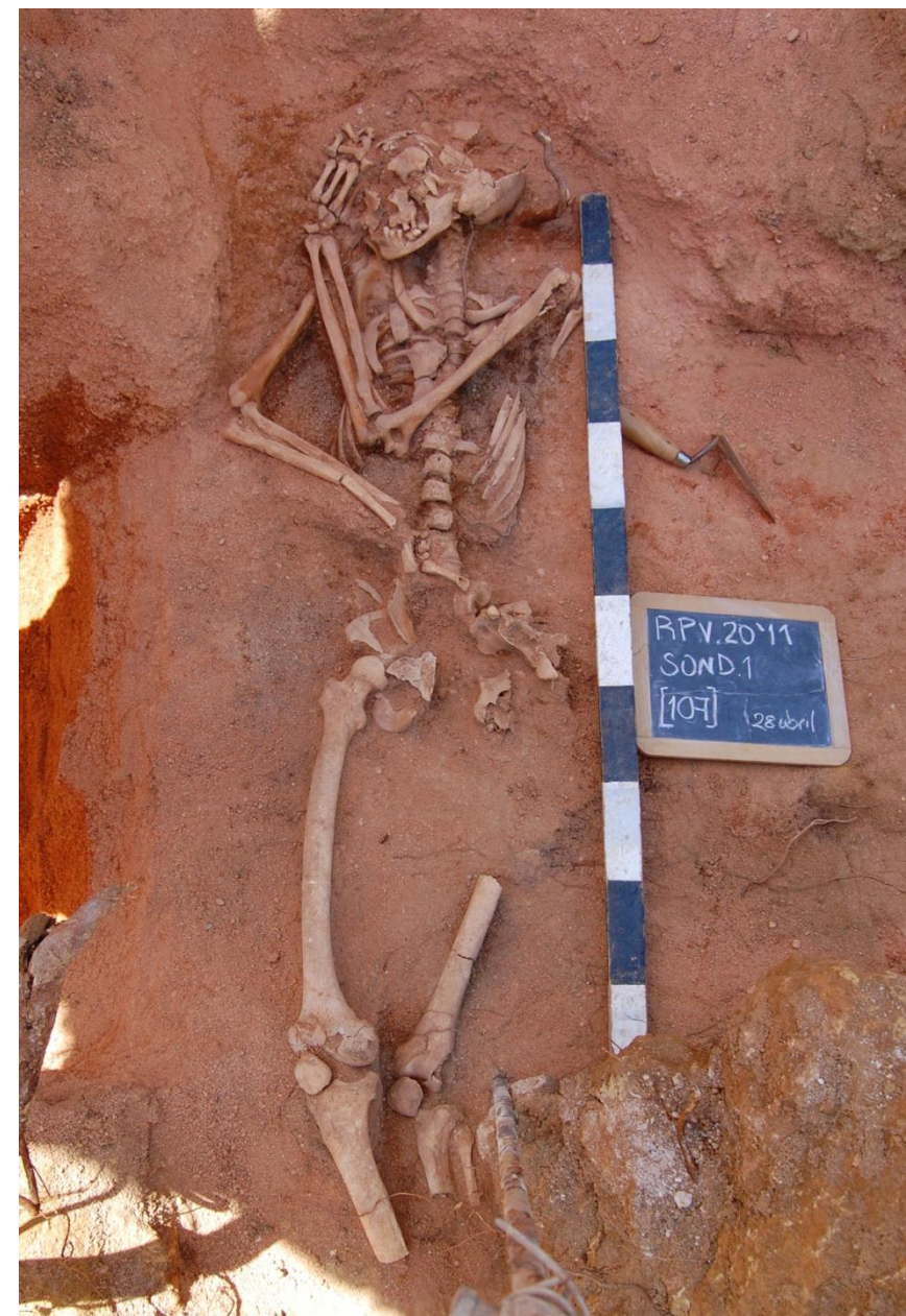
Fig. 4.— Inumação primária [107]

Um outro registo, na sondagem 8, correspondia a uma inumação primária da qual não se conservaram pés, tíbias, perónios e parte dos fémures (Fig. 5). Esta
----------------------------------------
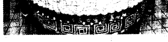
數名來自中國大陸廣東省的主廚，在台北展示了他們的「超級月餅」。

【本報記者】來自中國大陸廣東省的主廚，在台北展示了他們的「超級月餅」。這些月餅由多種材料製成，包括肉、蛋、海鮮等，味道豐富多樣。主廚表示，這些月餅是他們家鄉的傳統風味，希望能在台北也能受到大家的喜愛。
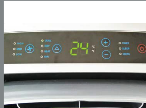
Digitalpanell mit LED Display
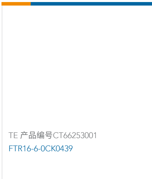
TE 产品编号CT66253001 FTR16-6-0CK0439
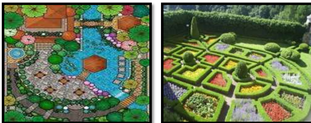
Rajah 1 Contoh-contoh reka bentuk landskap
----------------------------------------
## What the exercise asks:
Copy out every line of the data in which the word "在台北展示了他們的" is found.

## Final answer:
數名來自中國大陸廣東省的主廚，在台北展示了他們的「超級月餅」。
【本報記者】來自中國大陸廣東省的主廚，在台北展示了他們的「超級月餅」。這些月餅由多種材料製成，包括肉、蛋、海鮮等，味道豐富多樣。主廚表示，這些月餅是他們家鄉的傳統風味，希望能在台北也能受到大家的喜愛。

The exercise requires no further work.